• **Records for this exercise**:
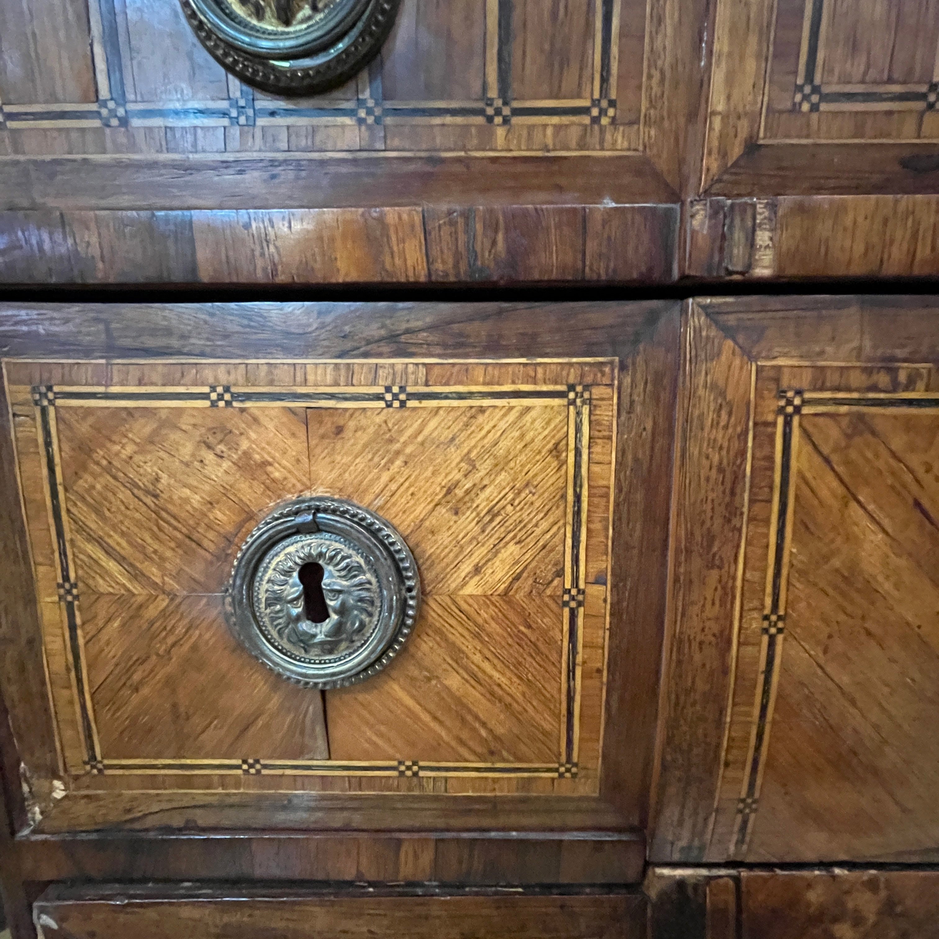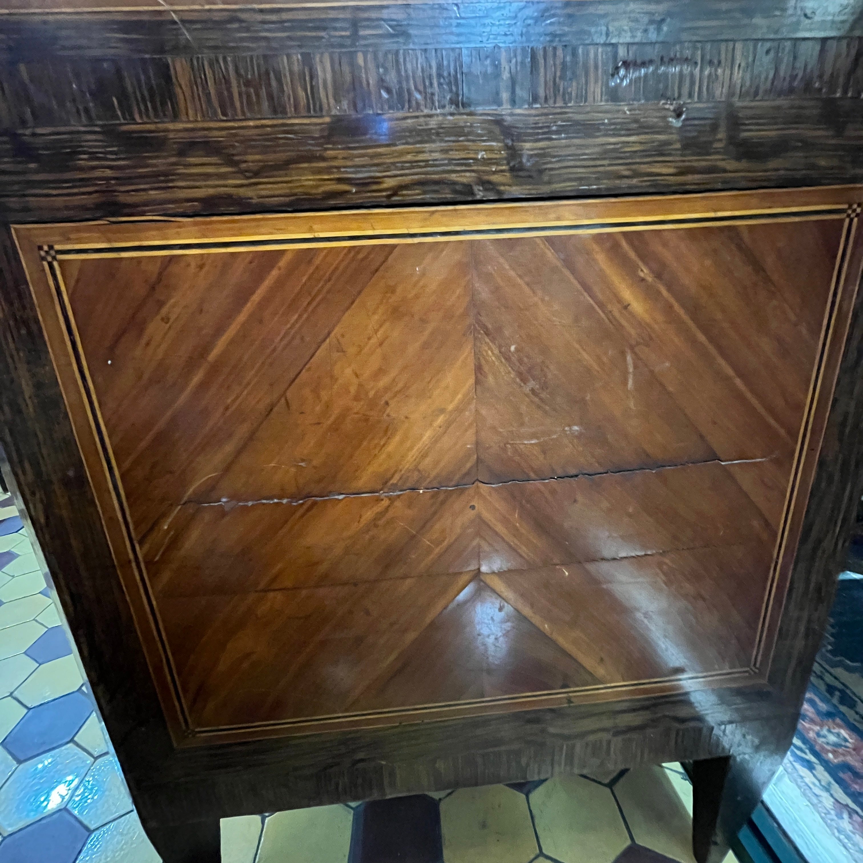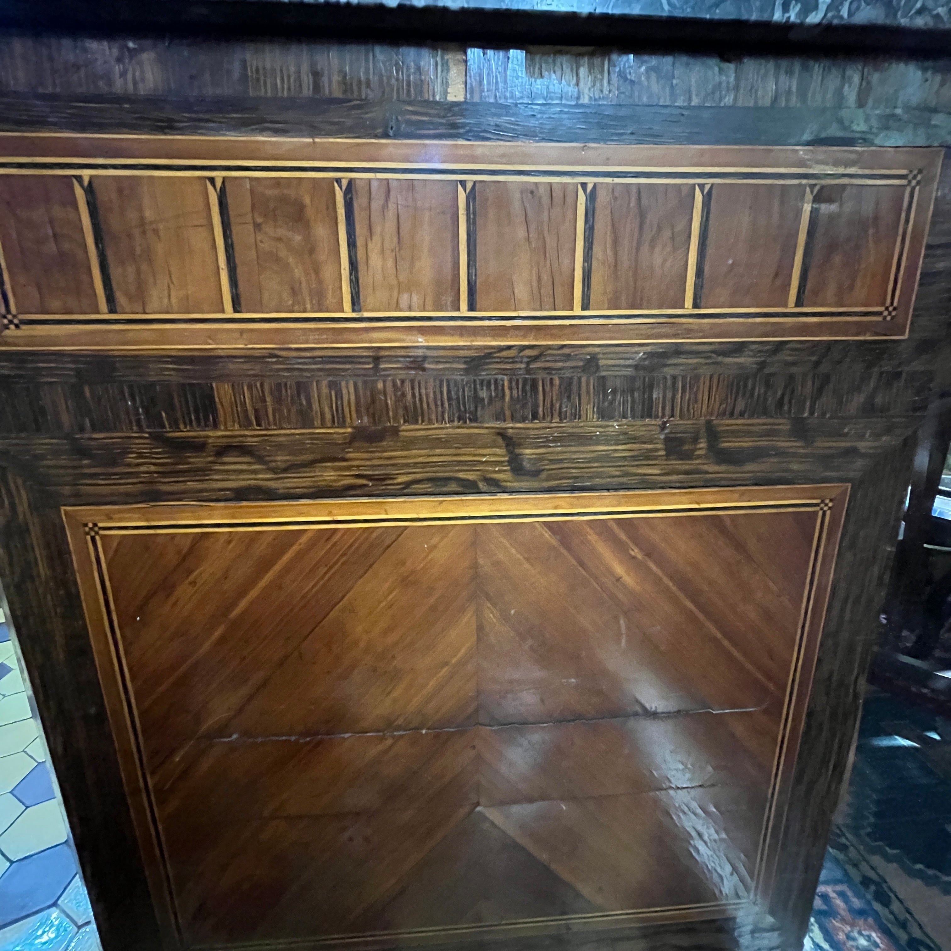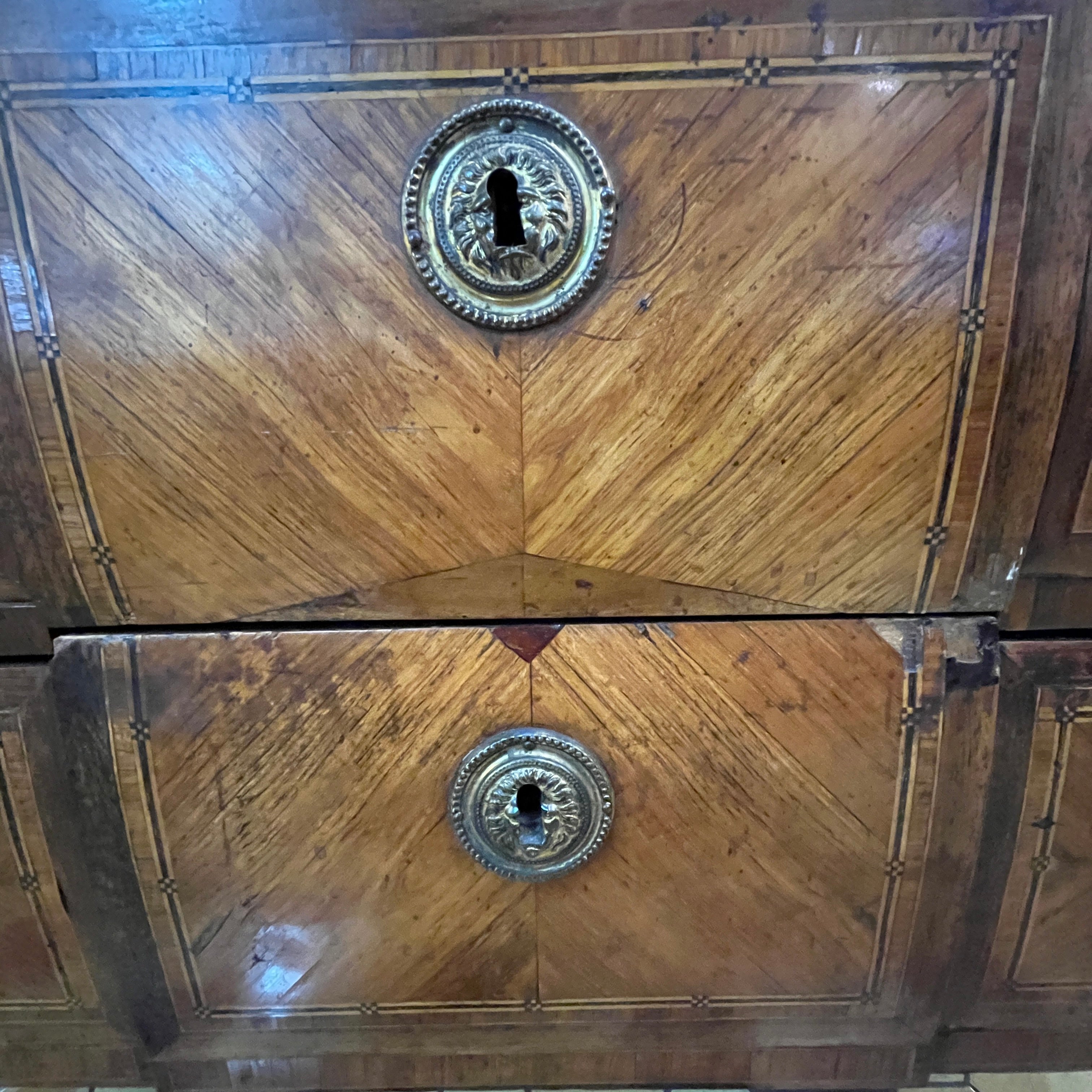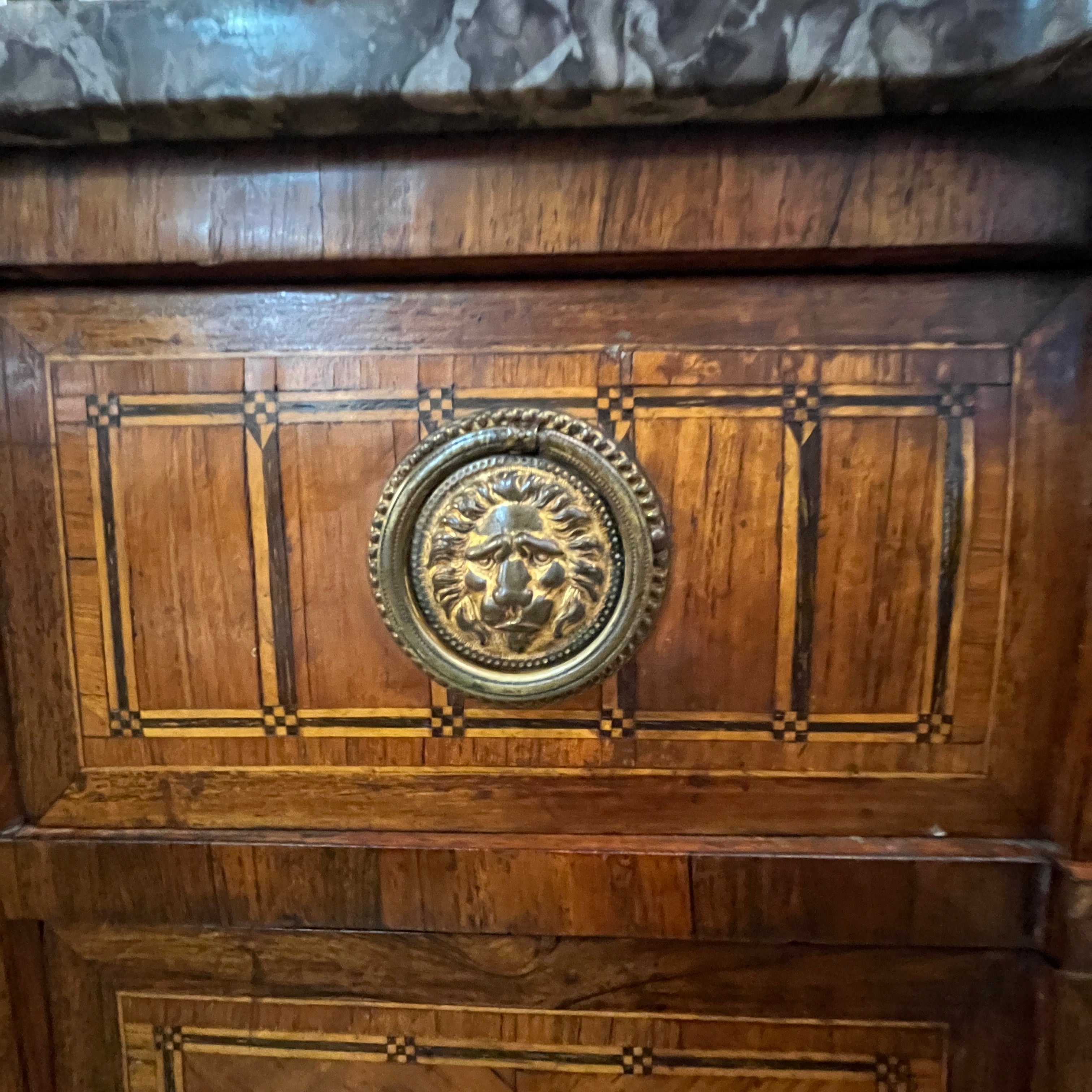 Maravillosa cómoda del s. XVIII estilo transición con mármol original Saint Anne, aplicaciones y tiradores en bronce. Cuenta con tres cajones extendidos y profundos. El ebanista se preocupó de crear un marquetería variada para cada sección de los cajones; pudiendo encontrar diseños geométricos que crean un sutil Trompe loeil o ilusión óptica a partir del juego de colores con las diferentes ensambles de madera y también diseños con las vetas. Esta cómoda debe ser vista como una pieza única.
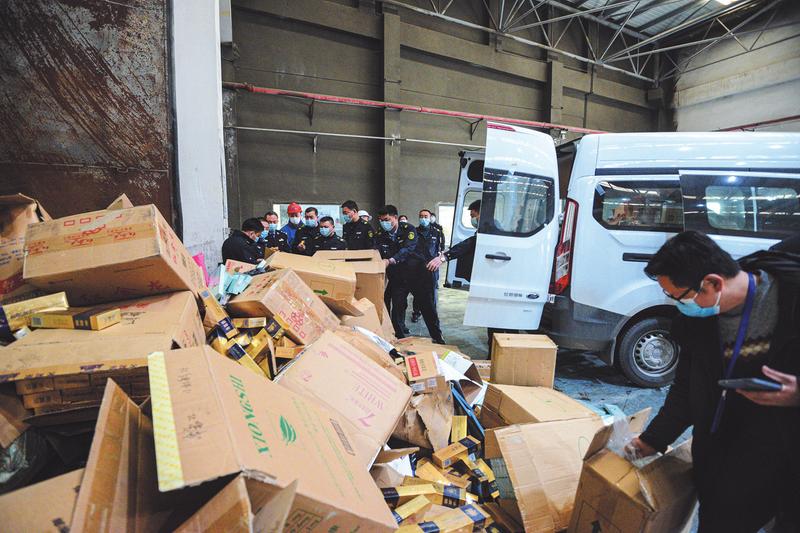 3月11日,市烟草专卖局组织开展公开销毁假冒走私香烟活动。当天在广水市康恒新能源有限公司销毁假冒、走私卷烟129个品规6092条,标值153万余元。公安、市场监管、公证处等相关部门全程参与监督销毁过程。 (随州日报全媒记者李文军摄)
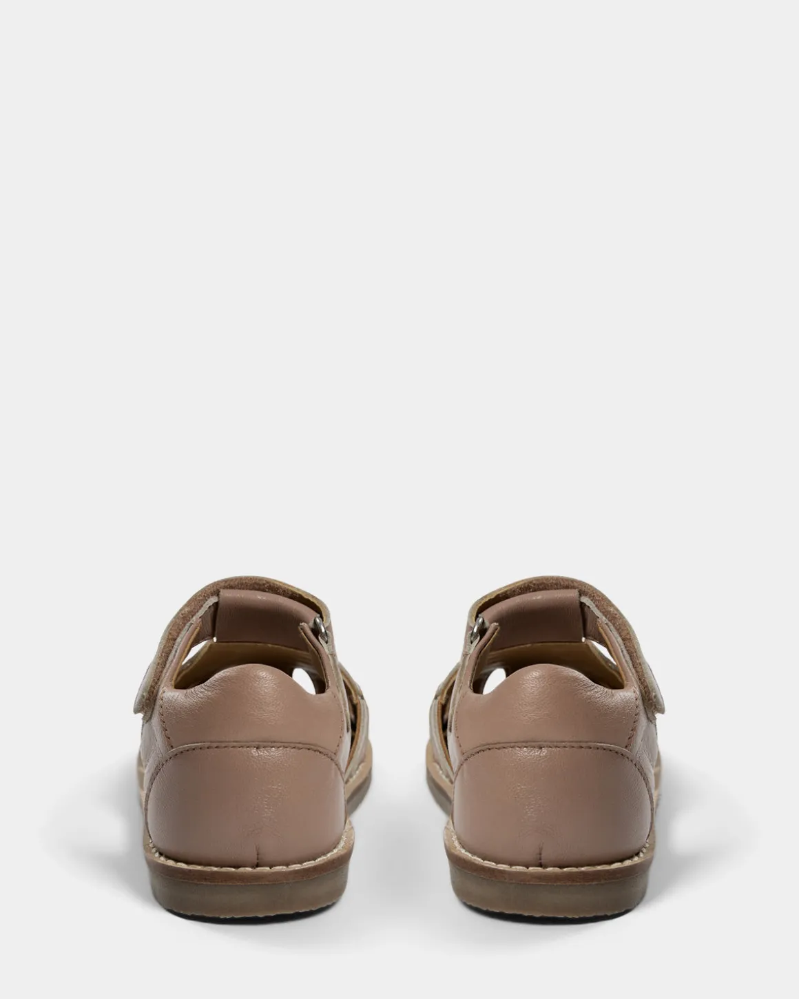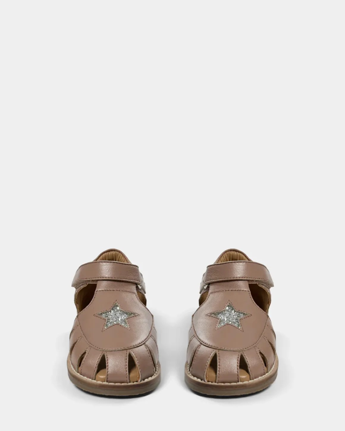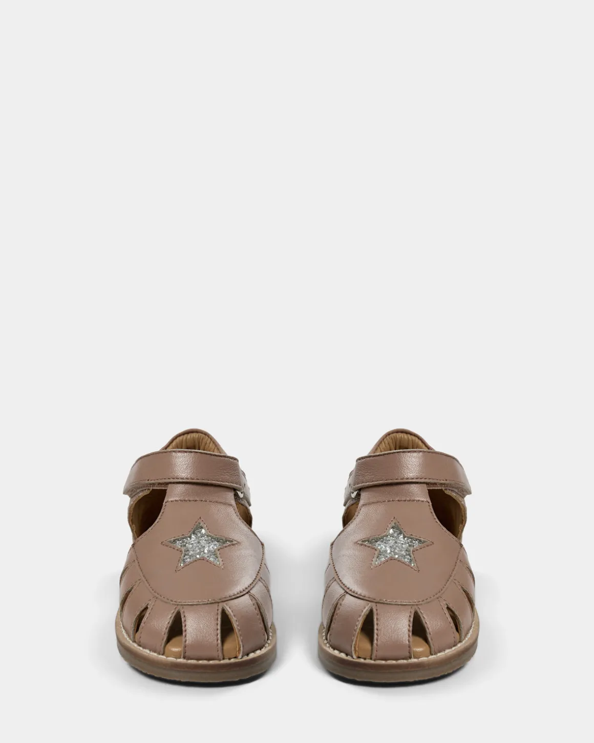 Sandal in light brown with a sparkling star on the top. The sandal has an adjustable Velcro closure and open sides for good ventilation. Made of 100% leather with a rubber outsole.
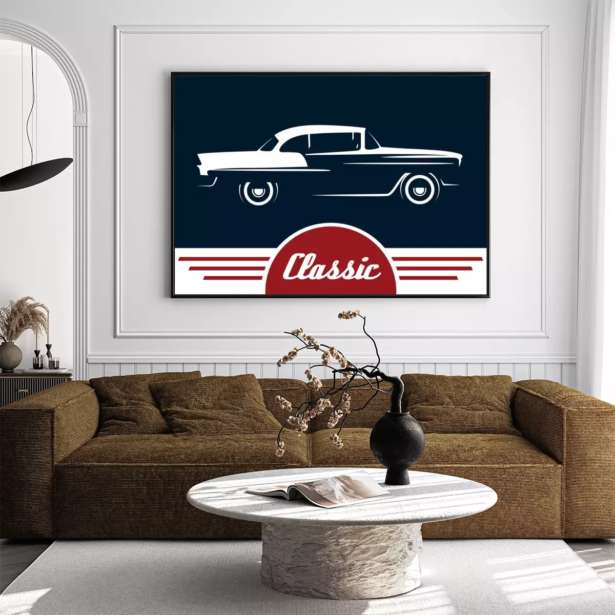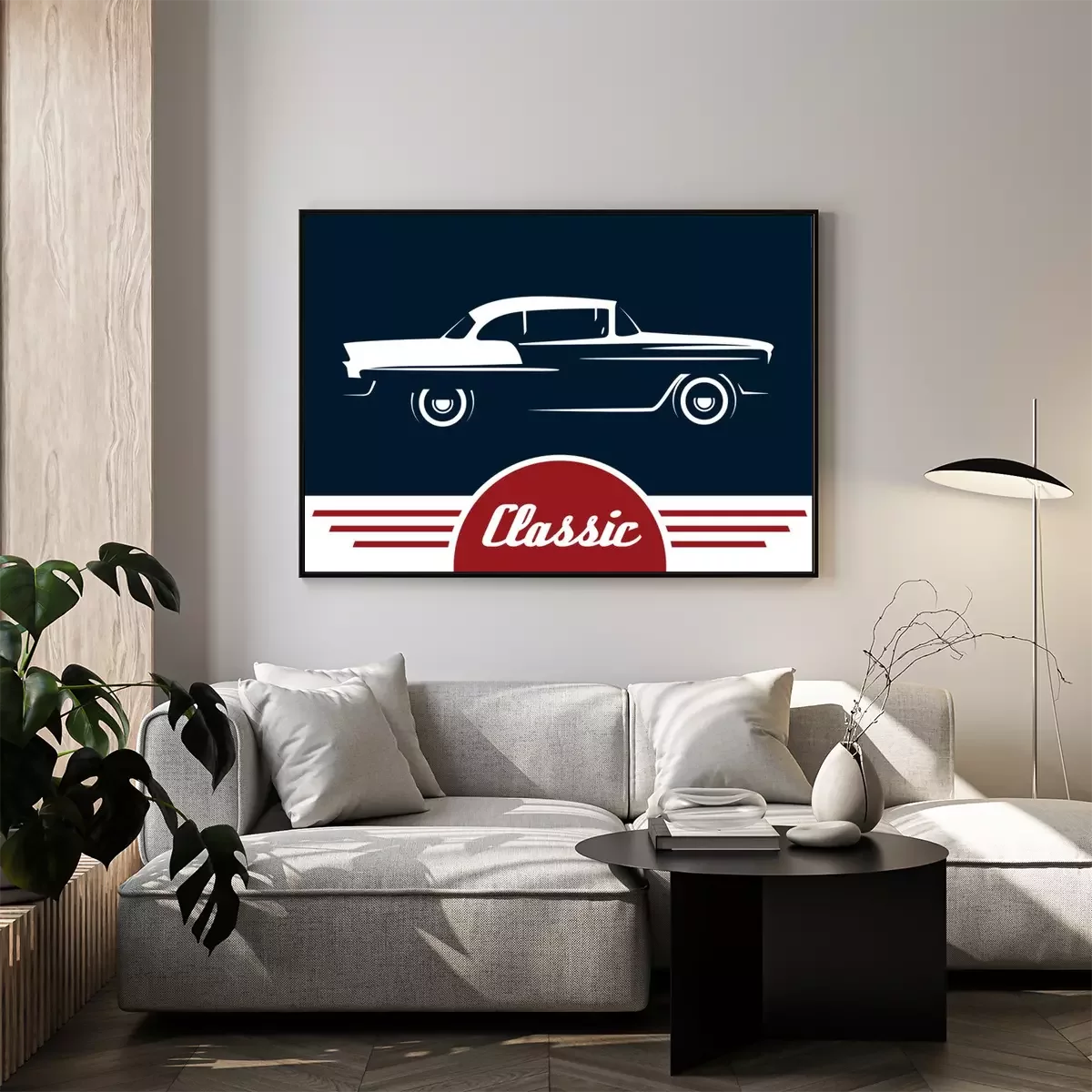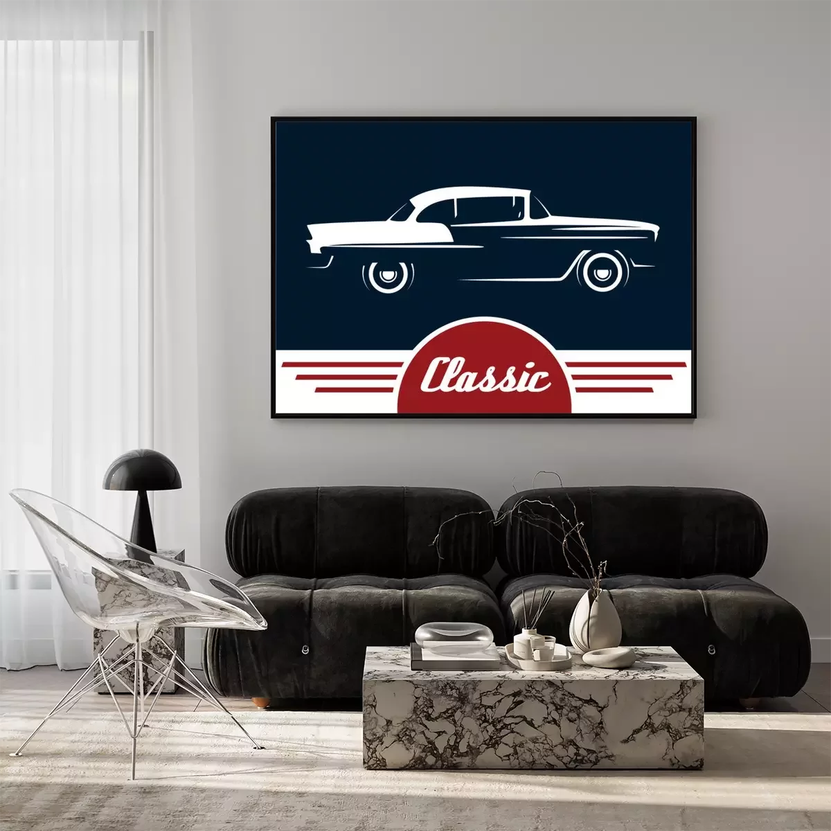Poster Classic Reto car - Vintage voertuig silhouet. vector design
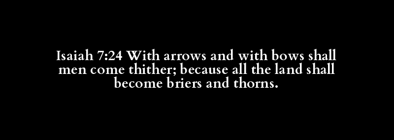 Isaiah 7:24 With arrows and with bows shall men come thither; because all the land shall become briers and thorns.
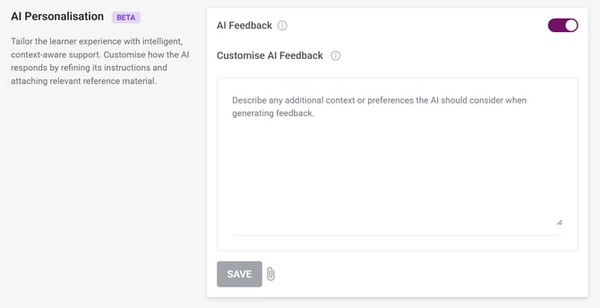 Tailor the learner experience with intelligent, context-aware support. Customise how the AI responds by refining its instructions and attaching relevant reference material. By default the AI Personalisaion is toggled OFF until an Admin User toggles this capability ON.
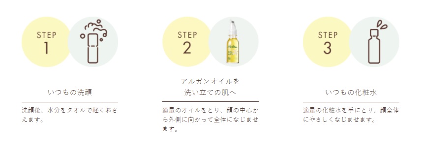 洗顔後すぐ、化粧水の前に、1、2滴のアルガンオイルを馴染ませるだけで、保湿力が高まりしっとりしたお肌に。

• **Assignment**: Please give back exactly the lines from the first line of the records above through the line containing "Sandal in light", only those and both included, with the pictures removed.

• **Answer section**:
 Maravillosa cómoda del s. XVIII estilo transición con mármol original Saint Anne, aplicaciones y tiradores en bronce. Cuenta con tres cajones extendidos y profundos. El ebanista se preocupó de crear un marquetería variada para cada sección de los cajones; pudiendo encontrar diseños geométricos que crean un sutil Trompe loeil o ilusión óptica a partir del juego de colores con las diferentes ensambles de madera y también diseños con las vetas. Esta cómoda debe ser vista como una pieza única.
 3月11日,市烟草专卖局组织开展公开销毁假冒走私香烟活动。当天在广水市康恒新能源有限公司销毁假冒、走私卷烟129个品规6092条,标值153万余元。公安、市场监管、公证处等相关部门全程参与监督销毁过程。 (随州日报全媒记者李文军摄)
 Sandal in light brown with a sparkling star on the top. The sandal has an adjustable Velcro closure and open sides for good ventilation. Made of 100% leather with a rubber outsole.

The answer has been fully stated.